**Work request**
Exactly the lines from the line that has "ولو بعد طول." through the final line below are to be retyped, and the pictures are not.

**Dataset section**
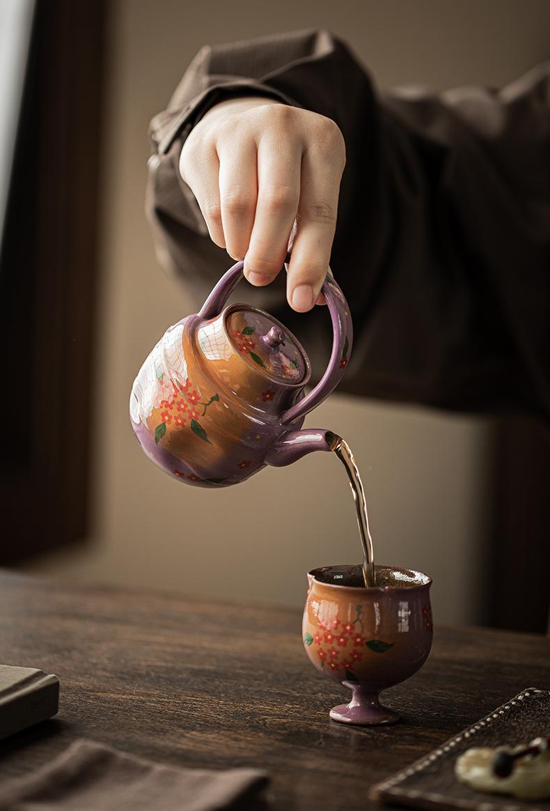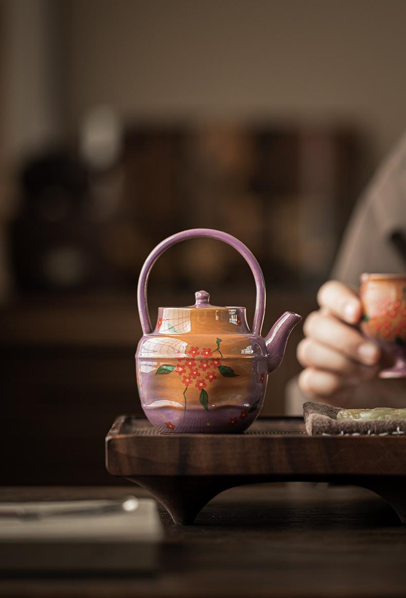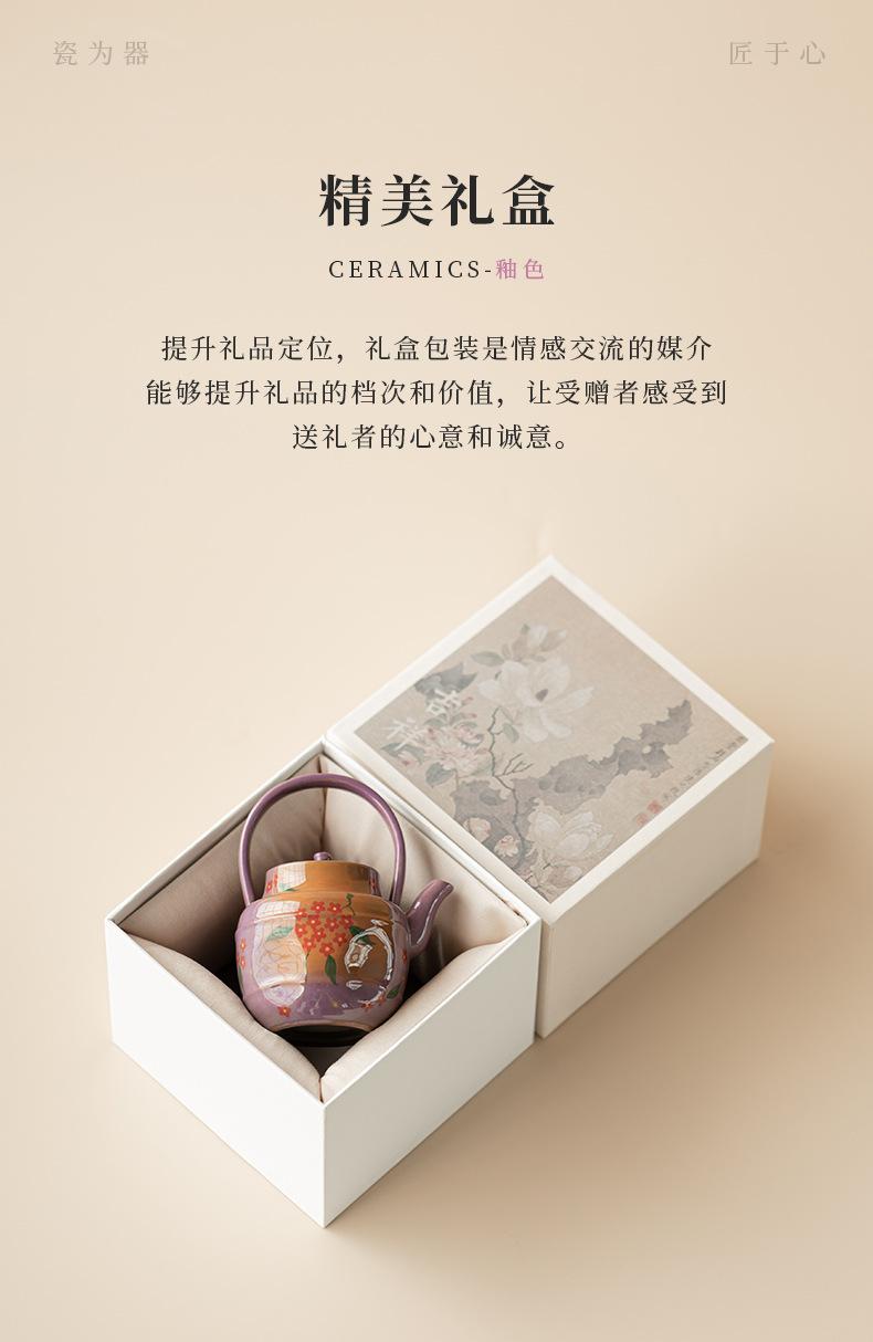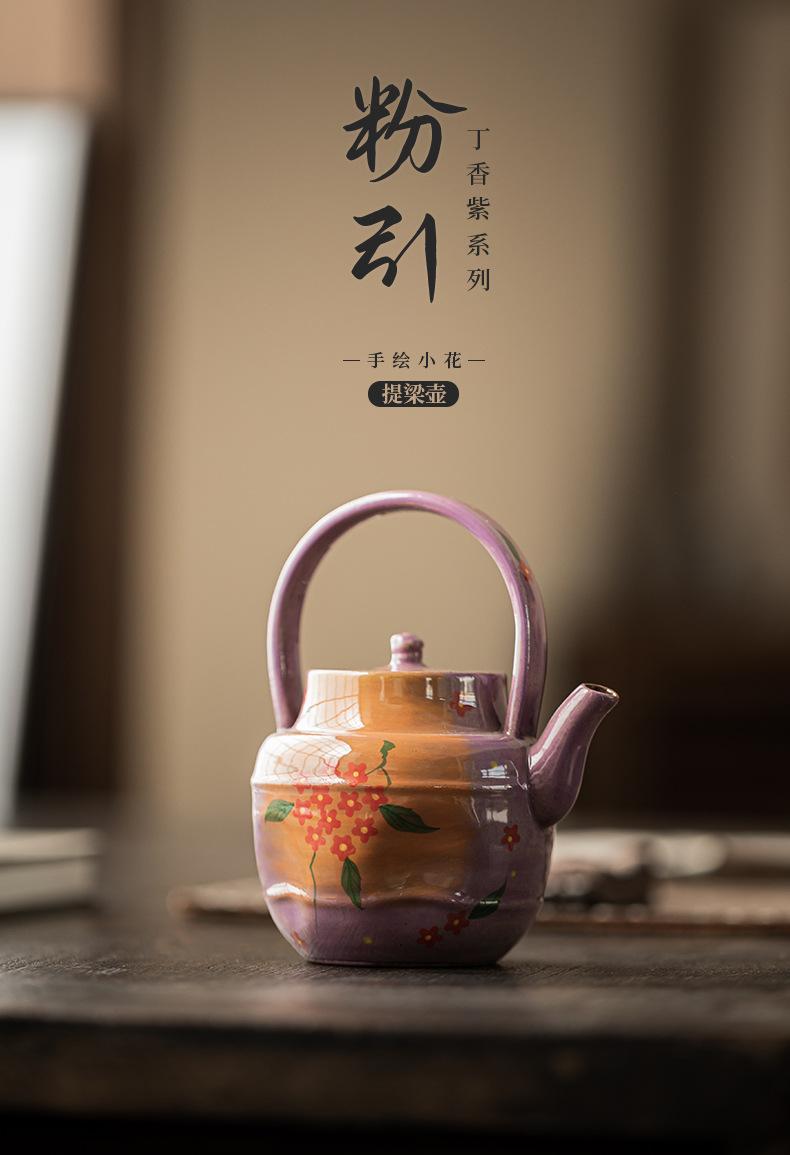 Roxo Lilás Pó Pintado à Mão Vaso Pequeno de Flores Gravata Bule de Cerâmica Doméstico Jogo de Chá Kung Fu Tamanho Pequeno Bule Único Caixa de Presente
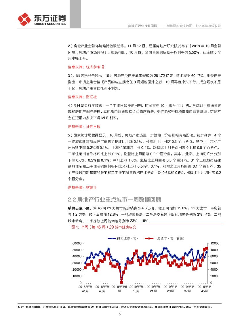 东方证券:房地产行业:2019年第46周地产周报:销售面积增速转正,融资环境持续收紧.pdf
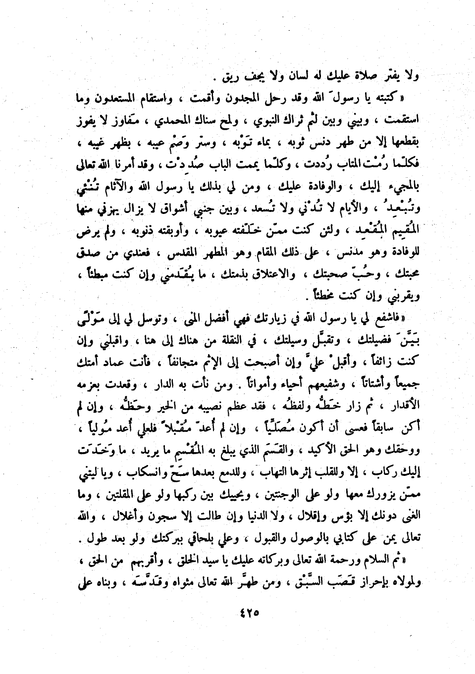 " فاشفع لي يا رسول الله في زيارتك فهي أفضل المنى، وتوسل لي إلى مولىً بيّن فضيلتك، وتقبّل وسيلتك، في النقلة من هناك إلى هنا، واقبلني وإن كنت زائفاً، وأقبل عليّ وإن أصبحت إلى الإثم متجانفاً، فأنت عماد أمتك جميعاً وأشتاتاً، وشفيعهم أحياء وأمواتاً. ومن نأت به الدار، وقعدت بعزمه الأقدار، ثم زار خطّه ولفظه، فقد عظم نصيبه من الخير وحظّه، وإن لم أكن سابقاً فعسى أن أكون مصلّياً، وإن لم أعدّ مقبلاً فلعلي أعد مولياً، ووحقك وهو الحق الأكيد، والقسم الذي يبلغ به المقسم ما يريد، ما وخدت إليك ركاب، إلا وللقلب إثرها التهاب، وللدمع بعدها سحّ وانسكاب، ويا ليتني ممّن يزورك معها ولو على الوجننتين، ويحييك بين ركبها ولو على المقلتين، وما الغنى دونك إلا بؤس وإقلال، ولا الدنيا وإن طالت إلا سجون وأغلال، والله تعالى يمن على كتابي بالوصول والقبول، وعلي بلحاقي ببركتك ولو بعد طول.
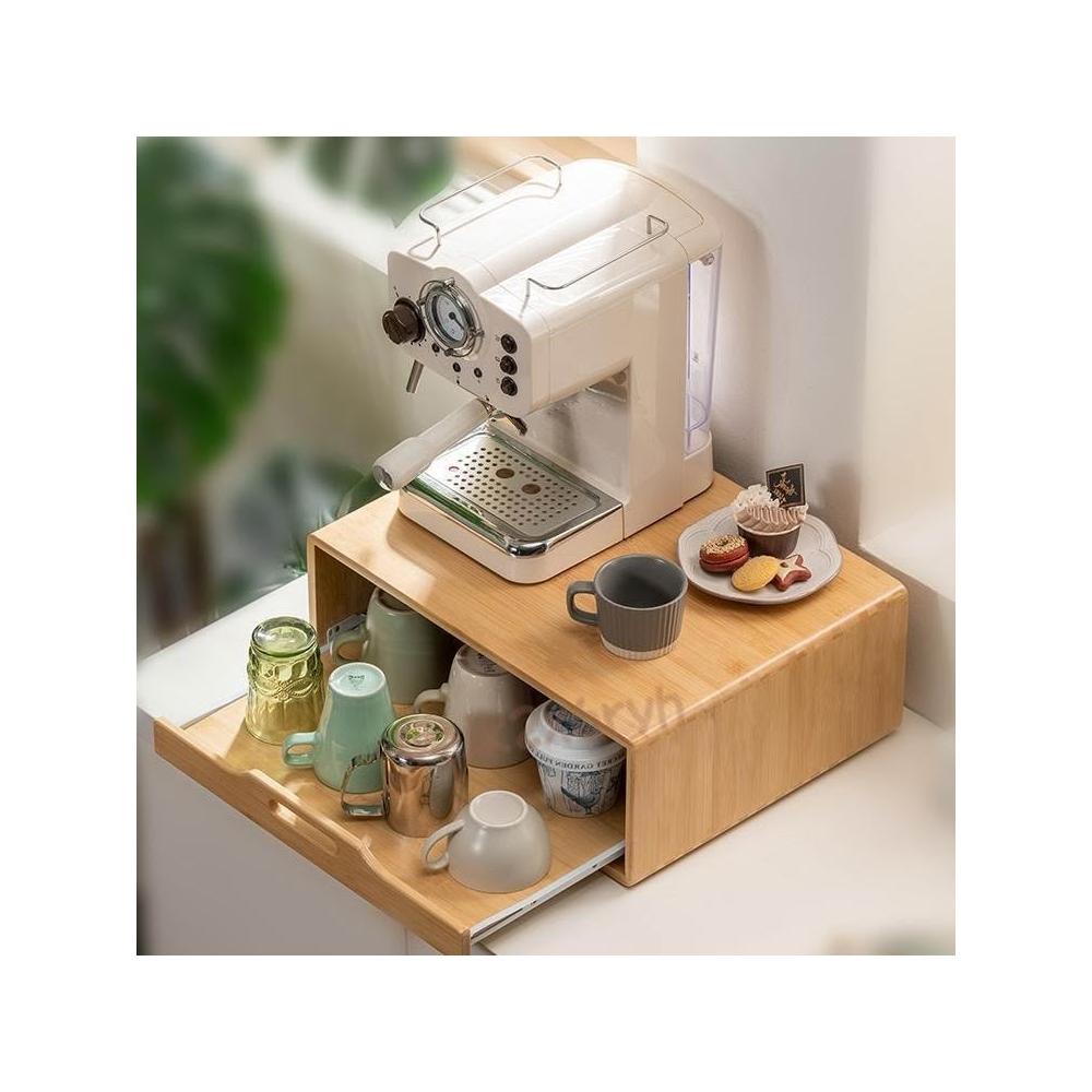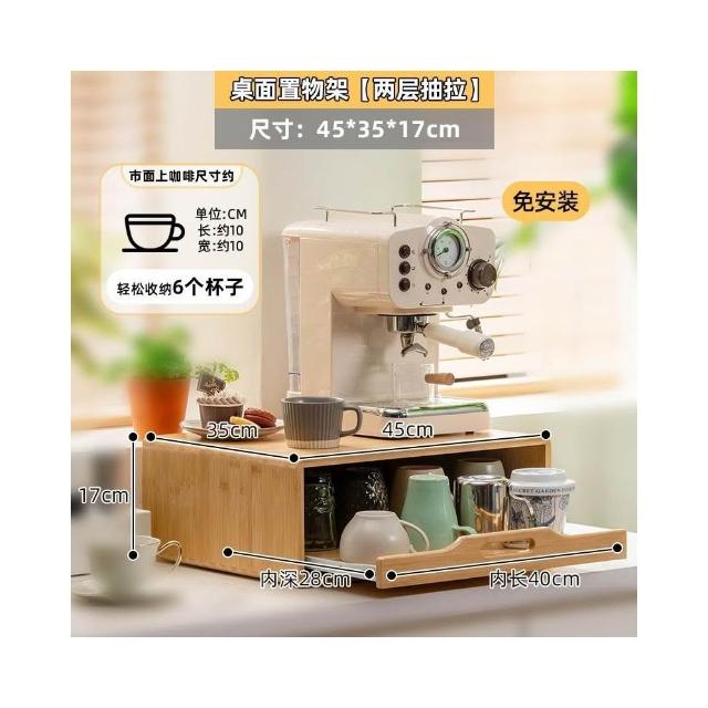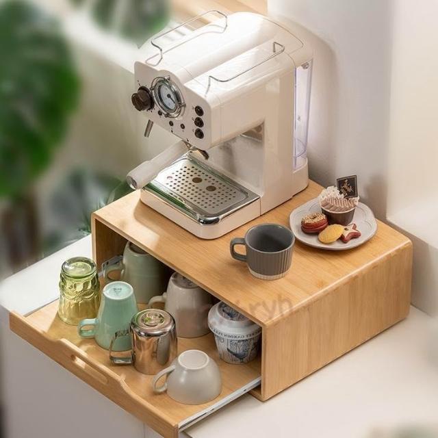咖啡機置物架 桌面增高架 家用咖啡杯收納架 抽拉式防塵茶包 馬克杯架 防塵收納增高架 咖啡機增高架

**Task result**
 " فاشفع لي يا رسول الله في زيارتك فهي أفضل المنى، وتوسل لي إلى مولىً بيّن فضيلتك، وتقبّل وسيلتك، في النقلة من هناك إلى هنا، واقبلني وإن كنت زائفاً، وأقبل عليّ وإن أصبحت إلى الإثم متجانفاً، فأنت عماد أمتك جميعاً وأشتاتاً، وشفيعهم أحياء وأمواتاً. ومن نأت به الدار، وقعدت بعزمه الأقدار، ثم زار خطّه ولفظه، فقد عظم نصيبه من الخير وحظّه، وإن لم أكن سابقاً فعسى أن أكون مصلّياً، وإن لم أعدّ مقبلاً فلعلي أعد مولياً، ووحقك وهو الحق الأكيد، والقسم الذي يبلغ به المقسم ما يريد، ما وخدت إليك ركاب، إلا وللقلب إثرها التهاب، وللدمع بعدها سحّ وانسكاب، ويا ليتني ممّن يزورك معها ولو على الوجننتين، ويحييك بين ركبها ولو على المقلتين، وما الغنى دونك إلا بؤس وإقلال، ولا الدنيا وإن طالت إلا سجون وأغلال، والله تعالى يمن على كتابي بالوصول والقبول، وعلي بلحاقي ببركتك ولو بعد طول.
咖啡機置物架 桌面增高架 家用咖啡杯收納架 抽拉式防塵茶包 馬克杯架 防塵收納增高架 咖啡機增高架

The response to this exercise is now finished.